‘Black Flies Review: Saving Lives Is Hell In Brutal Sean Penn Drama
You might find it helpful to skip to "Molka" knowing that the name comes from an insect that senses death before us and appears on screen pushing a decaying corpse into a bathtub.
And it would be helpful to know that the noise that gradually builds up under the hysterical opening scene builds into the opening "Raining Gold" that reappears at the end of the film. Black Flies is gloom and chaos on an operatic scale, perhaps even Wagnerian, although audiences may feel they are being attacked by heavy metal (as in the Judas Priest song "Evil Never Dies", which also plays in the film). rather than delving into the Ring of God of War cycle.
The Moshka, which premiered in the main competition at the 2023 Cannes Film Festival, was edgy and violent. Directed by New Yorker-born Frenchman Jean-Stefan Savour, this film is sensitive to the worst of New York's misery. the sea ceased to rage.
On the other hand, the whole point of the Black Flies' existence seems to be lost. Saveiro's first two plays, "Johnny the Mad Dog" and "A Prayer Before Dawn", depicted child soldiers and prisons in a brutal way, and Black Flies soon made it clear that the world of New York's paramedics would not be like that. . . more polite.
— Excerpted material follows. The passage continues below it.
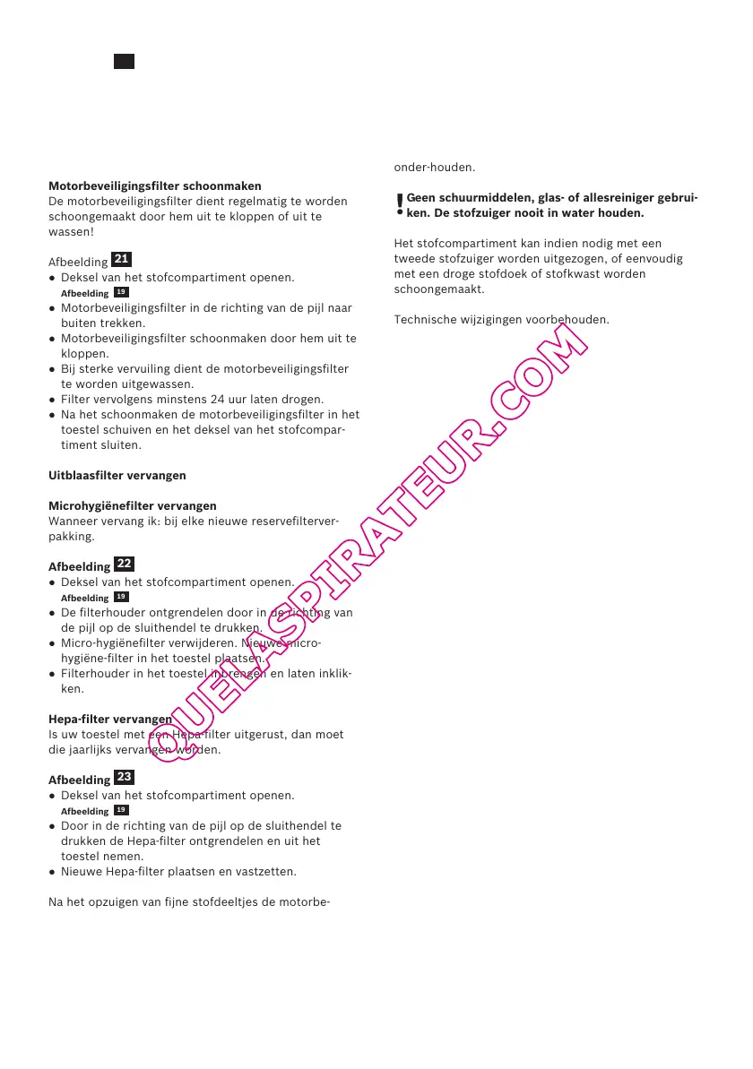 ● Bij sterke vervuiling dient de motorbeveiligingsfilter

It begins with Ollie Cross (Tye Sheridan) riding in the back of an ambulance to a scene where several people have been shot dead. The scene unfolds with quick flashes of Ollie, his gloves, flashing lights and sirens, screams and sighs; then the back door of the ambulance opened and the chaos ensued. The opening sequence is loud and bloody and lewd, and deliberately as confusing as Ollie's, ending with a dead man, a confused paramedic, and the feeling that this bad road is as bad as it gets.
However, Ollie's home is a slum in Chinatown, his girlfriend is a single mother, and their often staged sex scenes are made as bright, sad, and hopeless as possible. When they come to the club to blow off steam, it's industrial dance metal's nightmare.
And when Ollie teams up with veteran Sean Penn, Dr. When Ollie finally calmed down and talked about his mother's suicide, Ruth replied: And when Ruth calmed down enough to tell the joke, it was about child abuse.
One of the moments in the film, based on Shannon Burke's 2008 novel, is that no one thanks the paramedics, and in Sawyer's version, no one does. They were shouted at and insulted by drug addicts, hooligan gangs, Chinese laundries (Negroes in this story are not very pleasant).
Every time the film can fold, it does. If the caller is going to help a 63-year-old man with breathing problems, the slaughterhouse is in the next room; if a pregnant woman has problems, she will be a former HIV-positive woman who did not take drugs to protect the child and relieve labor pains with heroin; when a man calls for help because the woman's face is bruised from a "fall", his argument with the paramedics comes just as the subway train is accelerating, shaking the apartment just above the tracks.
This film is as much a montage as an attack, and there's something impressive about how well it manages to portray suffering. Grim Pen almost describes himself as a gray man with a jagged toothpick almost always sticking out of his mouth; Ollie dreamed of going to medical school if he could pass the MSAT, but was shot in the leg during his first screen appearance.
Ultimately, the film begins to explore questions of morality in an immoral and unjust environment, and whether one can be an angel of mercy while spending one's days in hell. You can guess the answer, and if you don't want to guess, Sowver will show you the answers scattered across the pavement and the screen.
In "Black Fly" you can find grace notes here and there, but they sound empty. The film wears its discomfort as a badge of honor and is as rude and unfriendly as the face of Sean Penn. Impressive in its wit, the movie nonetheless makes you try and love it, and it's likely that few can match Sevier's sass.